_YOUR GOAL:_
When you reach the line containing "이 홈페이지를 통해 운전면허증" in the entries below, start writing out each line exactly, and stop after the line containing "石井寿来(ウォーワンチャイプ".

_EXCERPTED RECORDS:_

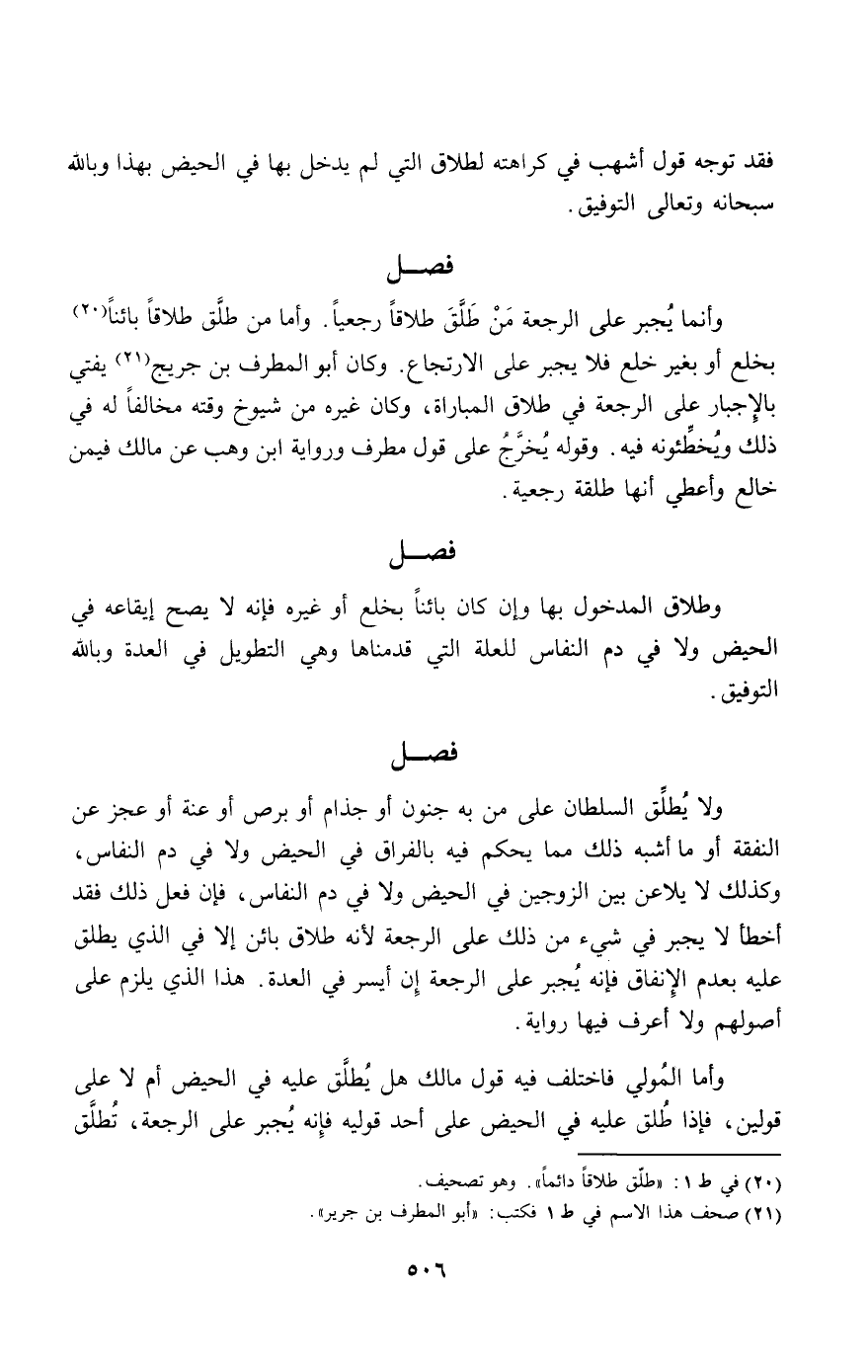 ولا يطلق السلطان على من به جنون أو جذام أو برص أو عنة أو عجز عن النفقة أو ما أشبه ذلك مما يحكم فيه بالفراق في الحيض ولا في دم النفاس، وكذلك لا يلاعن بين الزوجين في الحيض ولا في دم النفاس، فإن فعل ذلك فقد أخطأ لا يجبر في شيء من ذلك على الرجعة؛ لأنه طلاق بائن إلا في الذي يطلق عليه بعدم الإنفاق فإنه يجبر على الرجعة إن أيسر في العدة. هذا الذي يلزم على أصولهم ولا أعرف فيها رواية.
* * *
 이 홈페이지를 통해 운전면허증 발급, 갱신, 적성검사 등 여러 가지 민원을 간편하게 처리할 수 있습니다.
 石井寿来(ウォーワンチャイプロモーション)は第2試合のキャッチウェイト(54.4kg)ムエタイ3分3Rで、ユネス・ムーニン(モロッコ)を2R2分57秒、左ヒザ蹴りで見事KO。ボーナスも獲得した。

_RESULT FOR THIS TASK:_
 이 홈페이지를 통해 운전면허증 발급, 갱신, 적성검사 등 여러 가지 민원을 간편하게 처리할 수 있습니다.
 石井寿来(ウォーワンチャイプロモーション)は第2試合のキャッチウェイト(54.4kg)ムエタイ3分3Rで、ユネス・ムーニン(モロッコ)を2R2分57秒、左ヒザ蹴りで見事KO。ボーナスも獲得した。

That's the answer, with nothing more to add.